- **Extracted data entries**:
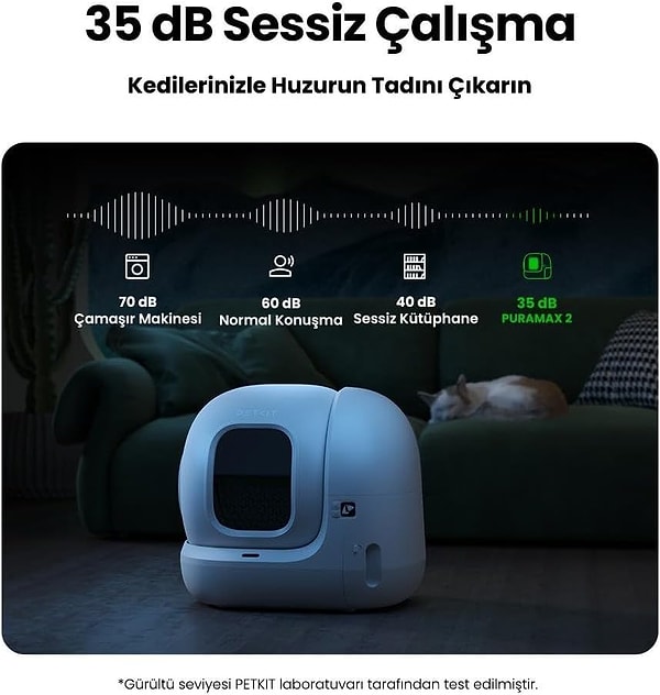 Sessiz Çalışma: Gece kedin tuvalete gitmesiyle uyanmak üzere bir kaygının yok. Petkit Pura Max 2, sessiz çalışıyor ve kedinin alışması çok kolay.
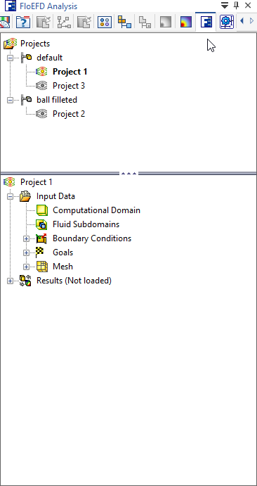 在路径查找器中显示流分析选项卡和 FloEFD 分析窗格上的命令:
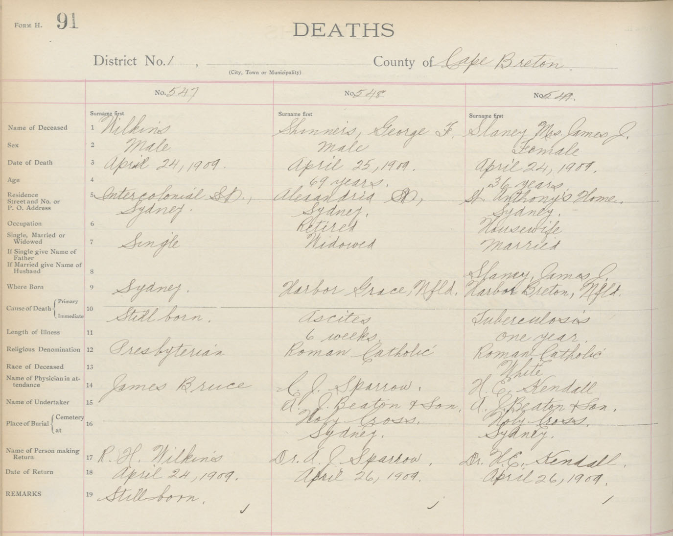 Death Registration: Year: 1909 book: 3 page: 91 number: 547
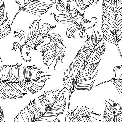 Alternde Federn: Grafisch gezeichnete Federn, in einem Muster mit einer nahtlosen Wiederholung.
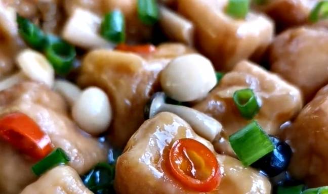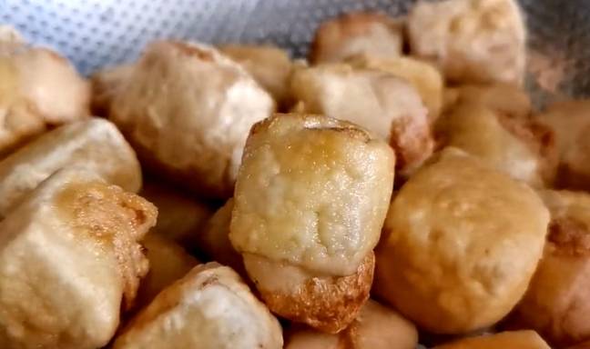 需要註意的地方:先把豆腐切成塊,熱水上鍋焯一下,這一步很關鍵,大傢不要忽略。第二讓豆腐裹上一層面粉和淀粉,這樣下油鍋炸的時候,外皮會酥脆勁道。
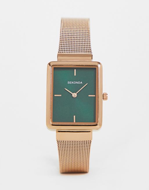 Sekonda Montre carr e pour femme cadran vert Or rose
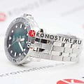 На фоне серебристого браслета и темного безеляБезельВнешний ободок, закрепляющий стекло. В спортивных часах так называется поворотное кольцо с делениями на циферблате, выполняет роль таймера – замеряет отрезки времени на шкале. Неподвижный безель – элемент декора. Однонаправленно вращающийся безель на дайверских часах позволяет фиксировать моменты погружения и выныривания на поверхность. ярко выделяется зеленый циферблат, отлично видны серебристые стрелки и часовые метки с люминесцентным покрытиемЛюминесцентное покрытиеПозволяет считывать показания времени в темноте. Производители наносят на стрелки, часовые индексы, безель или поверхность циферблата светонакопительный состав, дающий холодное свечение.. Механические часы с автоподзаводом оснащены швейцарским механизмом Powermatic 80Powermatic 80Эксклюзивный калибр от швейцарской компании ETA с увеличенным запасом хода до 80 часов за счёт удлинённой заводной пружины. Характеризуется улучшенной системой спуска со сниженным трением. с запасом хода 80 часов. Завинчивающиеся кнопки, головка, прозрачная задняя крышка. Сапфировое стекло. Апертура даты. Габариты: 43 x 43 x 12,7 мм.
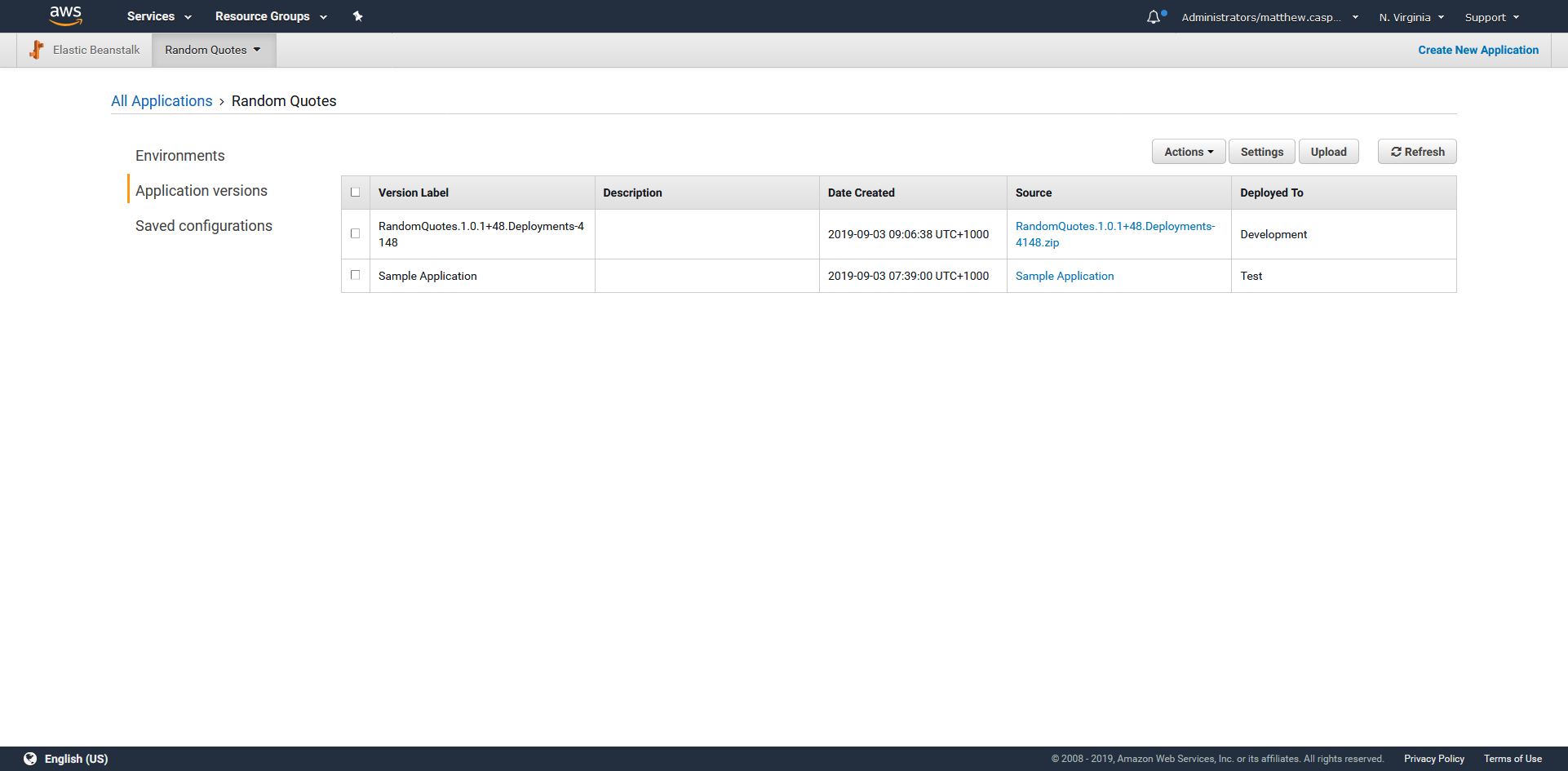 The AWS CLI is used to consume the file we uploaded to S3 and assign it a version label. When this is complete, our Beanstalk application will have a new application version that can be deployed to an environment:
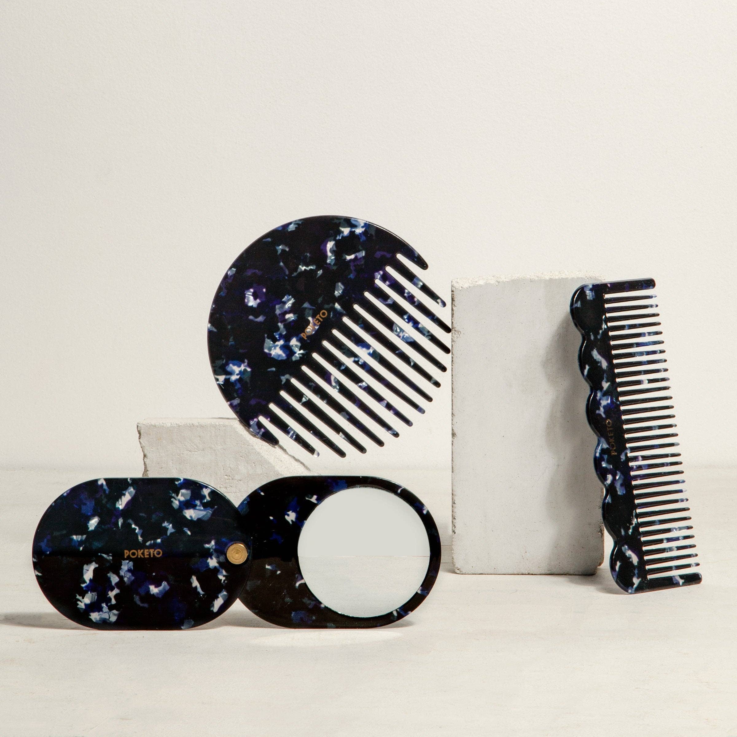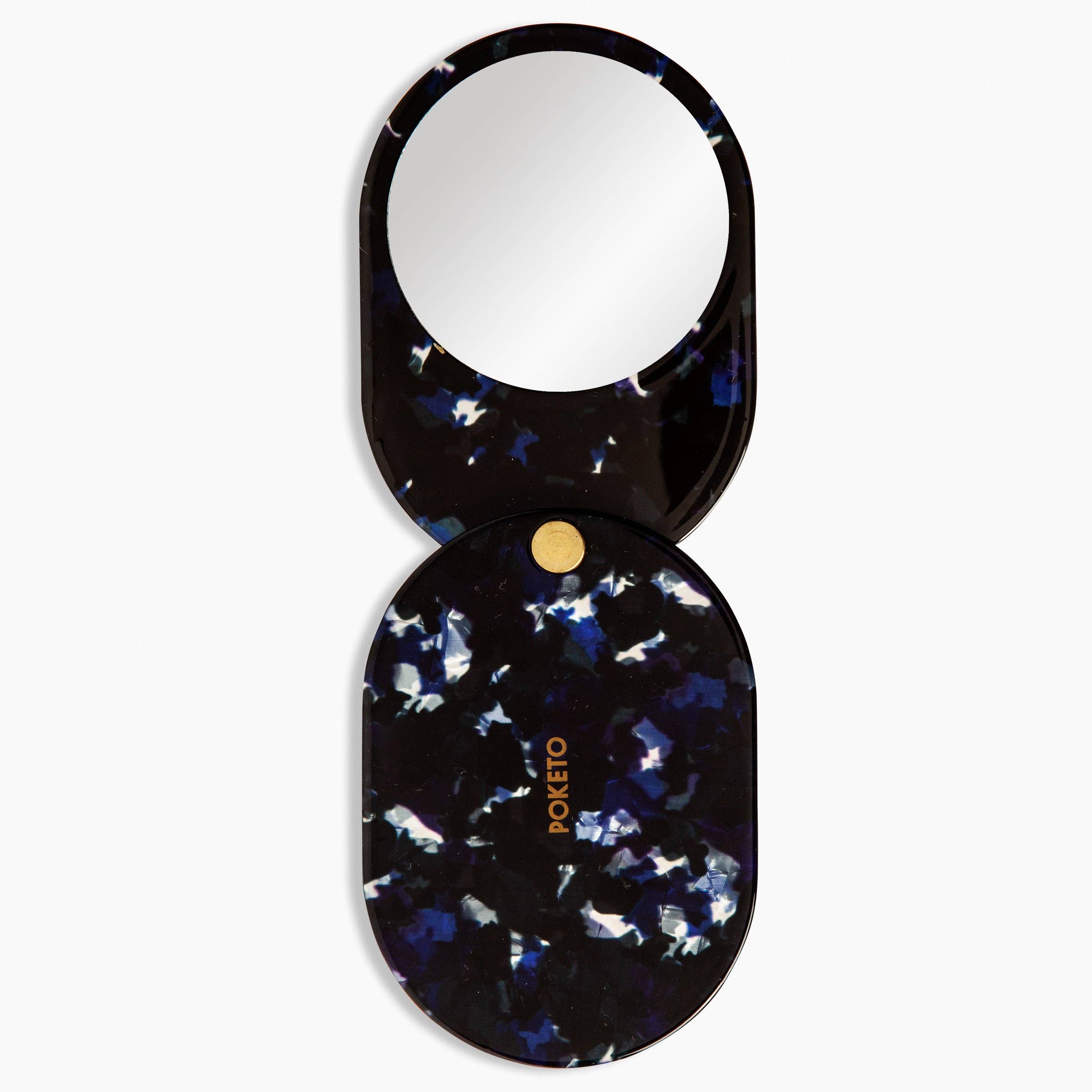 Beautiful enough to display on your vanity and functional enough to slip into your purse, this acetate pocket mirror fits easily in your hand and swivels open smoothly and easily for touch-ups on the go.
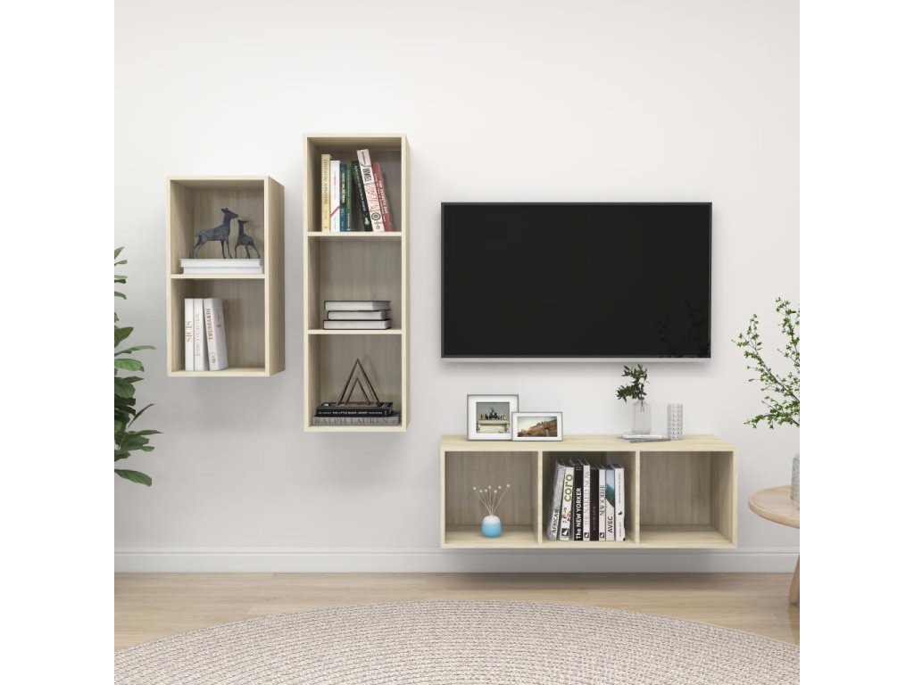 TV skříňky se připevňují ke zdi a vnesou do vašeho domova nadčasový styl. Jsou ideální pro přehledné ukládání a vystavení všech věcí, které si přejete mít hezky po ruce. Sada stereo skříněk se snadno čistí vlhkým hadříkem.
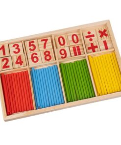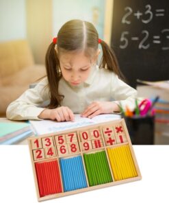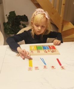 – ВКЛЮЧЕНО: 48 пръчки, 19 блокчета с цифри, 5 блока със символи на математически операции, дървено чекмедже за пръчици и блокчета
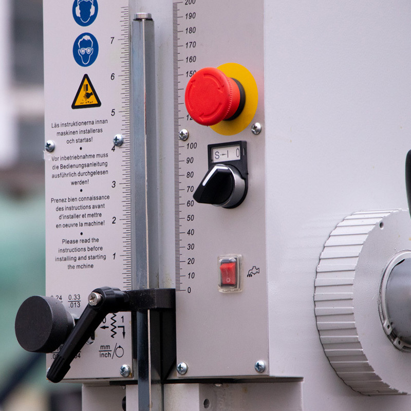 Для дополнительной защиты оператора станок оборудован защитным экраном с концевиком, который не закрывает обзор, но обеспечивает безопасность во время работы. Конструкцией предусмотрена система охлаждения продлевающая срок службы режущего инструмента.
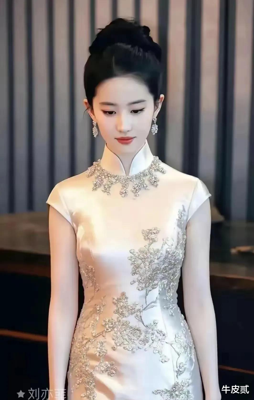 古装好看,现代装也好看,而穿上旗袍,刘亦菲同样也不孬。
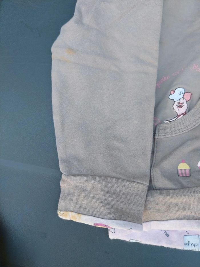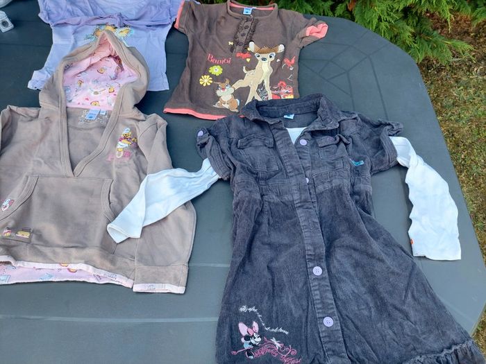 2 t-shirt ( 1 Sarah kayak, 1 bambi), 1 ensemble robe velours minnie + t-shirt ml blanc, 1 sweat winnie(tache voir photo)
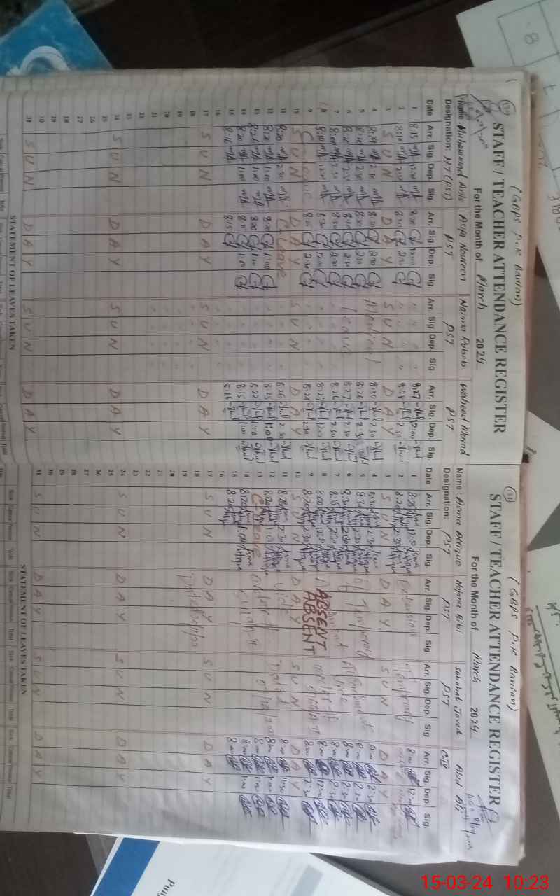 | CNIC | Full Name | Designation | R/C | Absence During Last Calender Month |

- **TASK DESCRIPTION**:
Above are some records. Output exactly the lines from the one that contains "На фоне серебристого" to the one that contains "Beautiful enough to", keeping both, and omit the pictures.

- **RESPONSE TO THE EXERCISE**:
 На фоне серебристого браслета и темного безеляБезельВнешний ободок, закрепляющий стекло. В спортивных часах так называется поворотное кольцо с делениями на циферблате, выполняет роль таймера – замеряет отрезки времени на шкале. Неподвижный безель – элемент декора. Однонаправленно вращающийся безель на дайверских часах позволяет фиксировать моменты погружения и выныривания на поверхность. ярко выделяется зеленый циферблат, отлично видны серебристые стрелки и часовые метки с люминесцентным покрытиемЛюминесцентное покрытиеПозволяет считывать показания времени в темноте. Производители наносят на стрелки, часовые индексы, безель или поверхность циферблата светонакопительный состав, дающий холодное свечение.. Механические часы с автоподзаводом оснащены швейцарским механизмом Powermatic 80Powermatic 80Эксклюзивный калибр от швейцарской компании ETA с увеличенным запасом хода до 80 часов за счёт удлинённой заводной пружины. Характеризуется улучшенной системой спуска со сниженным трением. с запасом хода 80 часов. Завинчивающиеся кнопки, головка, прозрачная задняя крышка. Сапфировое стекло. Апертура даты. Габариты: 43 x 43 x 12,7 мм.
 The AWS CLI is used to consume the file we uploaded to S3 and assign it a version label. When this is complete, our Beanstalk application will have a new application version that can be deployed to an environment:
 Beautiful enough to display on your vanity and functional enough to slip into your purse, this acetate pocket mirror fits easily in your hand and swivels open smoothly and easily for touch-ups on the go.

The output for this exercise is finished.